Amazon’s market cap has plunged by hundreds of billions of dollars so far this year. Its shares have dropped 35%. Almost none of this can be attributed to its cloud business, which continues to be the world’s market share leader. And the size of this market is likely to continue to grow rapidly. Amazon’s cloud business may be worth more than its e-commerce business, although it is much smaller.
The weakness of the retail sector, in general, was evident in the earnings from Walmart and Target. Each posted poor numbers and grim forecasts. Among their concerns was that inflation will eat margins and rising prices will keep consumers away. While Amazon has few physical stores, it cannot dodge the inflation factor.
Amazon’s North American e-commerce business barely grew last quarter, and its profits plunged.
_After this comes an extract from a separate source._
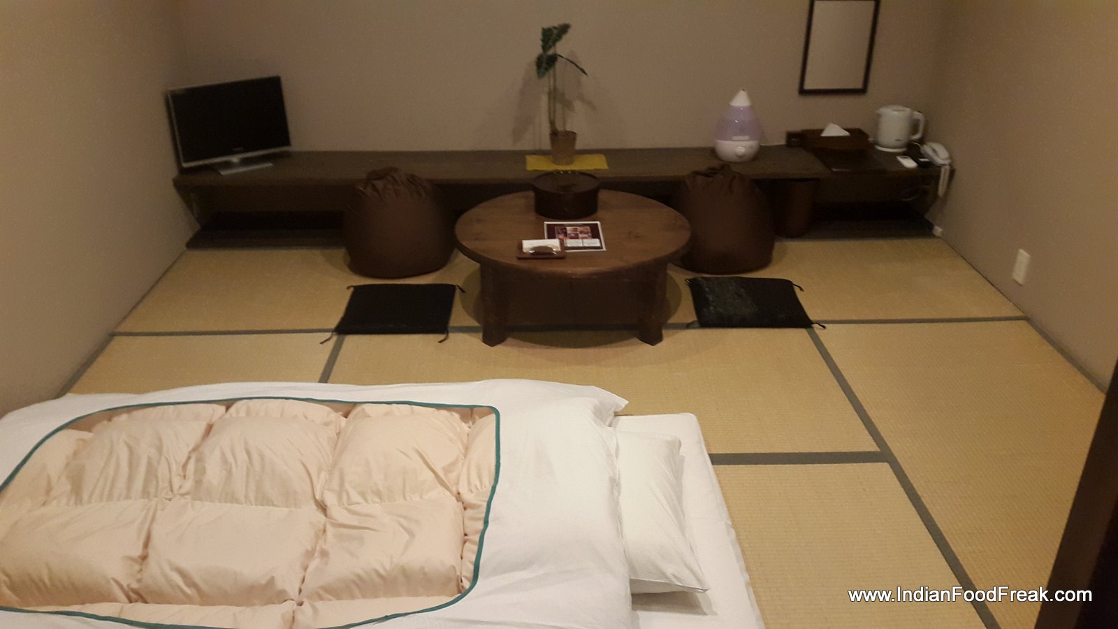 The day ends on a magical note. We are taken to Aqua Ignis hotel in Komono town. Set in a picture perfect background, Aqua Ignis denotes water and fire. An abode for those longing for hot spring (Onsen in Japanese) baths, it even boasts of personal resorts with private hot spring bath pools – an ideal getaway for the newly married. The lesser mortals like us stay in the normal room that had no bed but a mattress on the floor.

Its International business suffered a drop in sales and lost money. The company indicated that investors should not expect improvements. Management said Amazon faces “ongoing inflationary and supply chain pressures.”
AWS revenue grew to $18.4 billion in the most recent quarter. Operating income was $6.5 billion, up from $4.2 billion a year ago. Based on Amazon’s entire revenue change, AWS may well become the largest share of Amazon’s market cap. That means the value of e-commerce has collapsed.
Amazon’s next quarter will prove that its original business is in share decline. That will drive the stock even lower. AWS is the only net to hold the shares from an even uglier plunge.